Making a Safe Haven

Rachel Chimits

World Challenge partners in Albania help one Roma woman with a disability find a new home after she was the victim of a crime.

The Roma community in Europe is often classified as the most economically depressed.

Unemployment, untreated medical issues and unforgiving living conditions are constant problems they must face. Those Roma with disabilities are dealt an even harsher hand.

Few resources were available for someone like Dorena. She’d been born with a severe speech impediment; speech therapy might have minimized it, but of course no such thing was available for a Roma woman.

If she wanted to communicate with anyone, she had to take her daughter with her. The little girl could translate her noises and gestures for others who would otherwise be too impatient to figure out Dorena’s pantomiming.

On the Edge of Survival

When Dorena fell desperately ill and took herself to the hospital, the doctors impatiently rushed through her examinations and then left her bedside. She was Roma; she couldn’t pay. Her three children were left by themselves while she was kept at the hospital, and she fearfully wondered if they were okay.  

Dorena gratefully left as soon as they would release her. As she approached her small shack, though, her stomach sank. The lone window was gone. The shanty door had been ripped away as well.

She scrambled up the step. Inside, she gasped then began, very quietly, to sob. Her home had been ransacked.

Her oldest daughter had fled with the younger two over to a neighbor who let them sleep on the floor. Their bed-mats, clothes, pots and even the little dirty rugs were all gone. All that had been left in the house was one tiny bag of rice, either out of God’s mercy or the thieves’ shame.

Dorena shuffled around the narrow, dark space, touching places where her few but beloved belongings had once been and trying to imagine the next few days. Who could she go to for help? Her neighbors were desperately poor and might very well be the ones who robbed her in the first place.

In a community constantly on the edge of survival, everyone was low on patience and pity.

The Victims of Crime

“Having a disability places you in the world's largest minority group.”

If we were to double the United States’ entire population, it would almost be the same number of people worldwide who are living with a disability, about 650 million.

Despite representing such a sizable portion of the human race, people with disabilities are one of the most vulnerable populations.

“The two-way link between poverty and disability creates a vicious circle,” notes Disabled World, a digital storehouse of research and studies for those with handicaps. “…people [with a disability] face barriers to the education, employment, and public services that can help them escape poverty.”

Those with disabilities are also far more likely to be the victims of violence, and they are “less likely to obtain police intervention, legal protection or preventive care. Women and girls with disabilities are particularly vulnerable to abuse.”

Dick Sobsey discovered that “individuals with disabilities are over four times as likely to be victims of crime as the non-disabled population” in his research on victimization risk rates and patterns of abuse and assault.

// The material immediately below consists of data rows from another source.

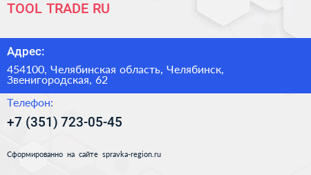 TOOL-TRADE.RU по адресу 454100, Челябинская область, Челябинск, Звенигородская, 62 в дальнейшем Организация, размещена в следующих категориях:
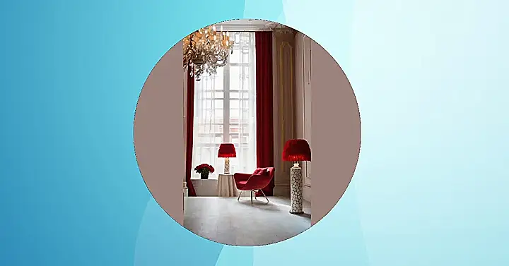 This room is like stepping into a fancy, grown-up candy store! Everything’s decked out in red – from the dramatic curtains that look like they’re ready for a stage play to the fluffy, feathery lampshades that are almost too pretty to touch (almost!). Even the comfy chair is ready for a cozy movie night, and that chandelier? It’s like a dazzling firework show frozen in time!
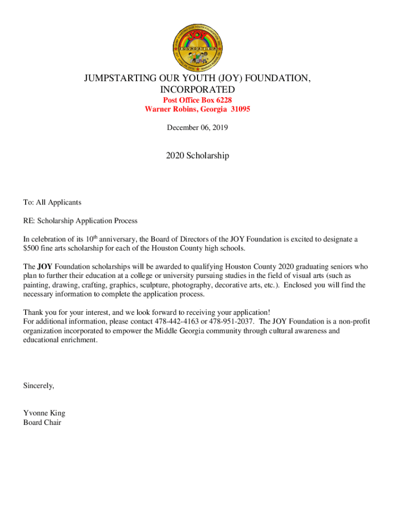 JUMPSTARTING OUR YOUTH (JOY) FOUNDATION, INCORPORATED Post Office Box 6228 Warner Robins, Georgia 31095 December 06, 20192020 Scholarship: All Applicants RE: Scholarship Application Process In celebration
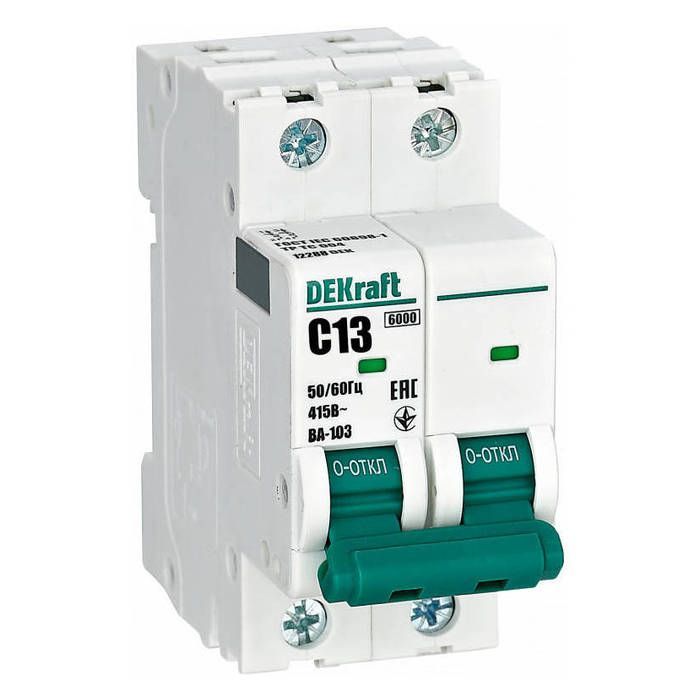 DEKraft ВА-103 2P 13А (C) 6кА, 12288DEK - надежное и безопасное устройство, которое идеально подходит для использования в электрических системах различных типов, обеспечивая защиту и комфорт.

Not only are they more likely to be a target, but in her book Vulnerable, Canadian psychologist Charlene Senn noted a quiet but frightening aspect of nearly every case she was studying. “Even when the abuse is reported, the charges are rarely investigated when the victim is disabled.”

Finding an Advocate

With nothing but a bag of rice to her name, Dorena went to the local dump. She tugged out shirts from beneath abandoned tires and brushed glass off of torn sweaters. Plastic bags of trash she tore open to find any food that wasn’t too rotten.

She could make it a few more days with what she’d gathered, but her situation was still grim.

Fearful of her neighbors, Dorena went to the only other place she could think of where she might find help: church.

She occasionally received food from a church program run by World Challenge’s partners in Albania, and they were the last tattered thread of hope she had left. Several members of the church went back to her home with her and saw the ravaged interior.

They gave her some clean clothes and jackets for herself and the children. Then they set about helping her find a new home, one with power and heating so that her family would be okay next winter.